Prof. Gizewska begins by introducing the concept of IEM, a term first coined by Sir Archibald Garrod. These are genetic disorders that disrupt metabolic pathways, often presenting with non-specific symptoms like vomiting, lethargy, hypotonia, and jaundice. While individually rare, they are collectively common and may appear in any clinical setting. She stresses the need to take detailed family histories, asking about consanguinity, ethnic background, unexplained sibling deaths, or maternal complications like acute fatty liver during pregnancy.
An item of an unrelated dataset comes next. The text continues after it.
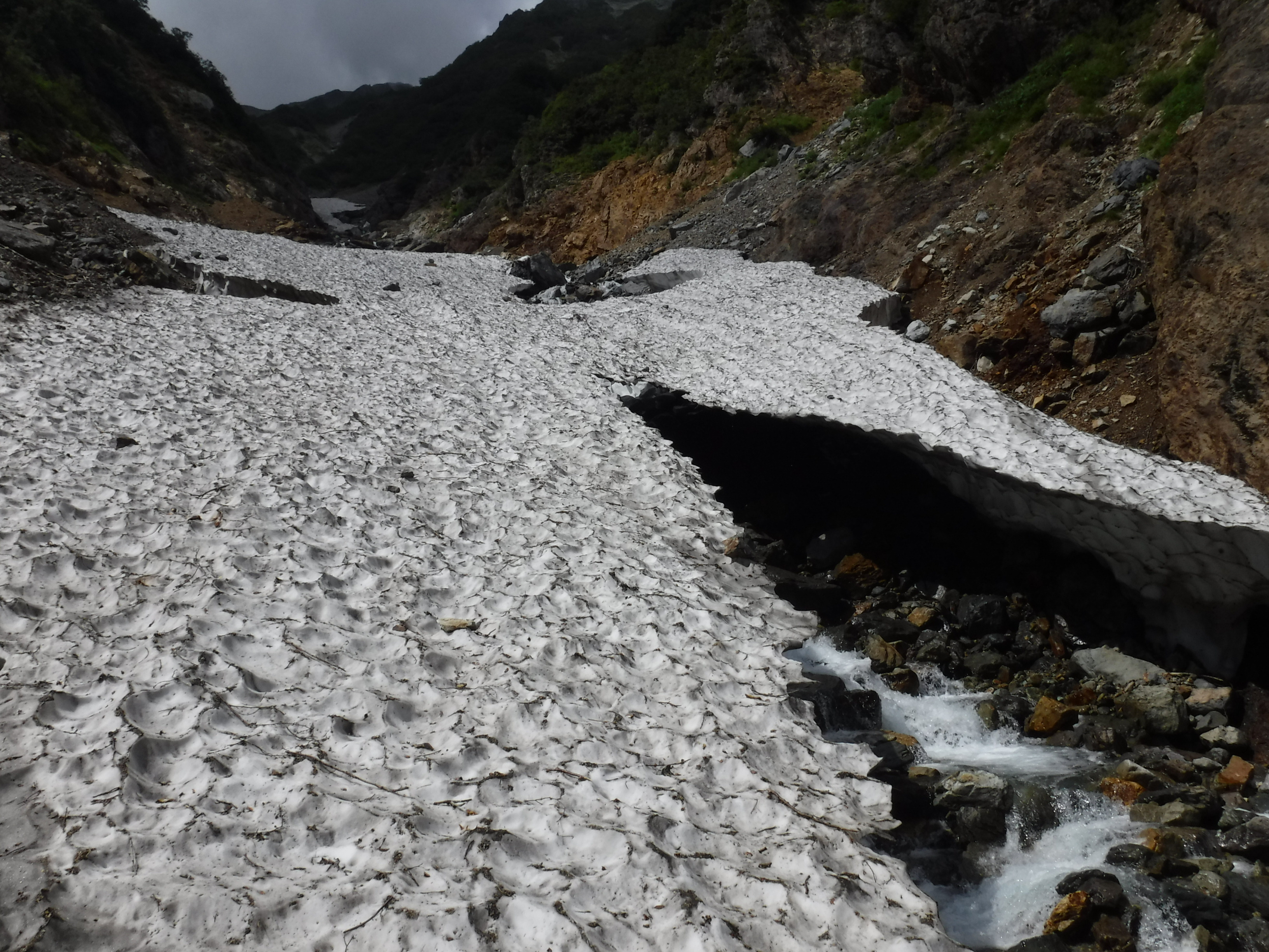 しばらく進むとだんだんと空気が涼しくなってきました。ここが日本三大雪渓の一つの針ノ木雪渓です。ただ、今回はすでに雪も溶け、雪渓歩きはできず雪渓の巻道を歩くことになりました。 |
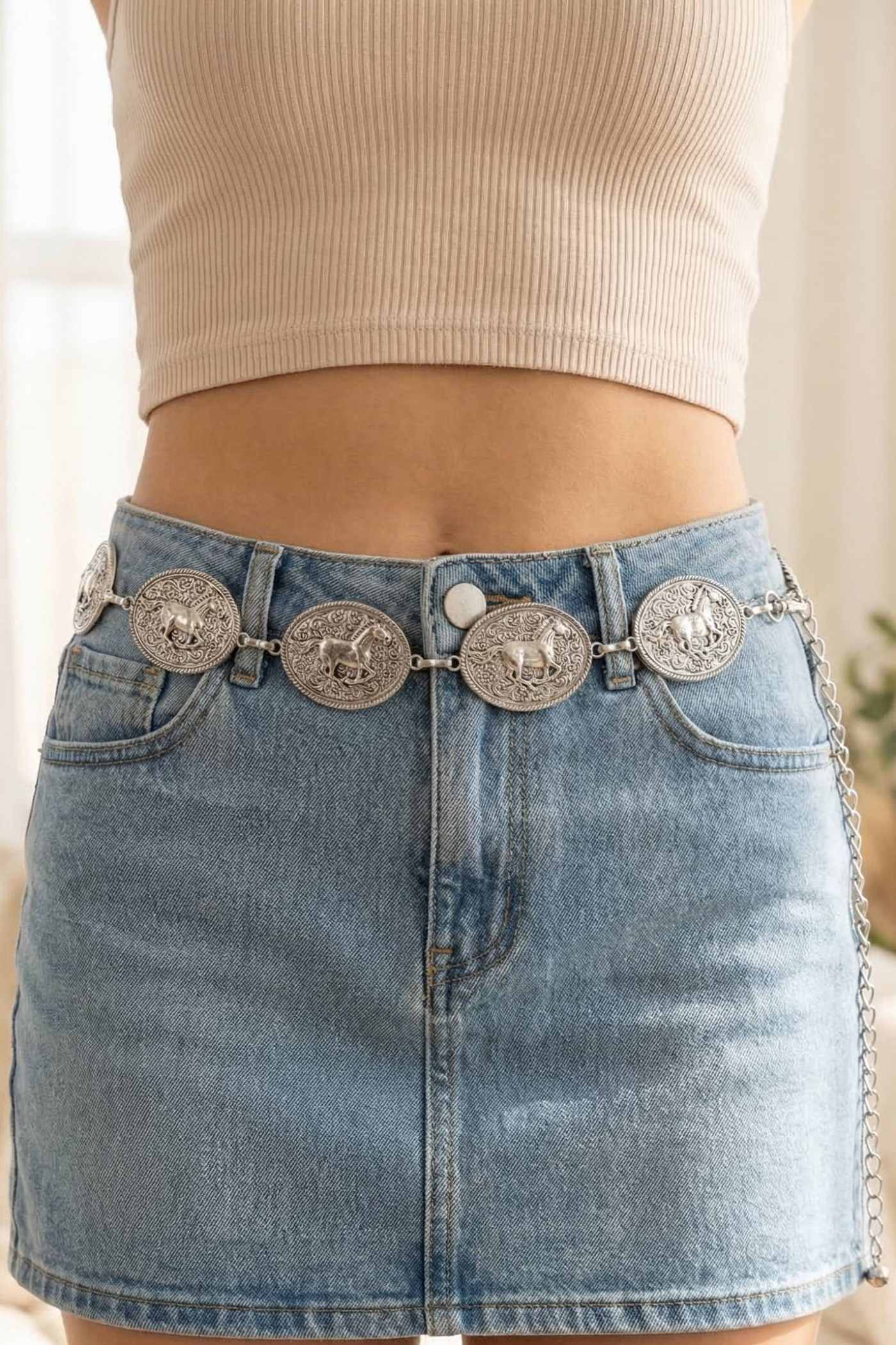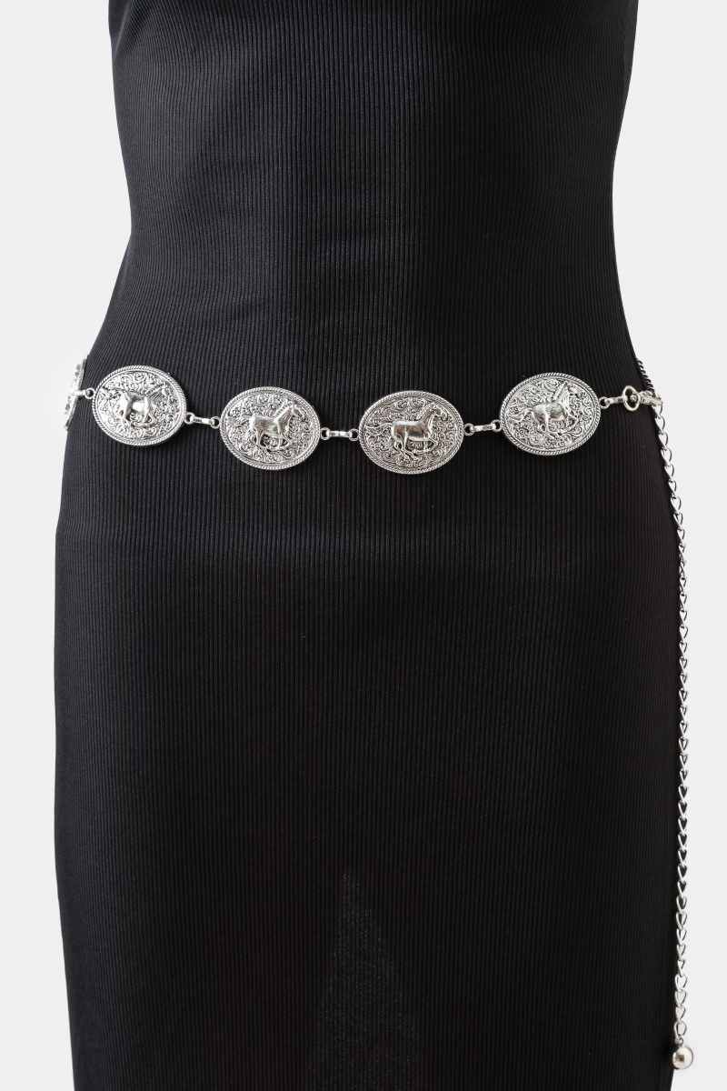 | ** Gold-tone alloy chain belt with engraved horse concho medallions. | |||

A core message is that IEM should always be considered in full-term neonates who develop sepsis-like symptoms without risk factors or infection evidence. Prof. Gizewska explains how neonatal metabolic crises can be mistaken for more common conditions like sepsis, respiratory distress, or birth trauma. Key red flags include sudden deterioration after a symptom-free period, abnormal laboratory findings (e.g. metabolic acidosis, hyperammonemia, or hypoglycemia), and peculiar signs such as strange odors, cataracts, or hepatomegaly.
She categorizes IEMs into groups, particularly highlighting those that cause metabolic intoxication—such as organic acidurias, urea cycle defects, and galactosemia. These can trigger acute symptoms soon after birth due to toxic metabolite accumulation once placental clearance ends. Neurological signs such as poor feeding, altered tone, seizures, and respiratory instability are common initial presentations.
Diagnostic strategies include expanded newborn screening using tandem mass spectrometry (MS/MS), which can detect over 20 IEMs in asymptomatic infants. Where this is unavailable or delayed, clinicians should rely on selective screening: blood gases, ammonia, lactate, glucose, liver enzymes, and urine organic acids. Storing blood, urine, and CSF samples early can support further testing if needed.
Prof. Gizewska emphasizes that early diagnosis not only saves lives but also supports informed reproductive decisions in affected families. She urges pediatricians to place IEM high on the differential diagnosis list for any sick neonate and to act rapidly when suspicion arises—because many IEMs are treatable if caught early.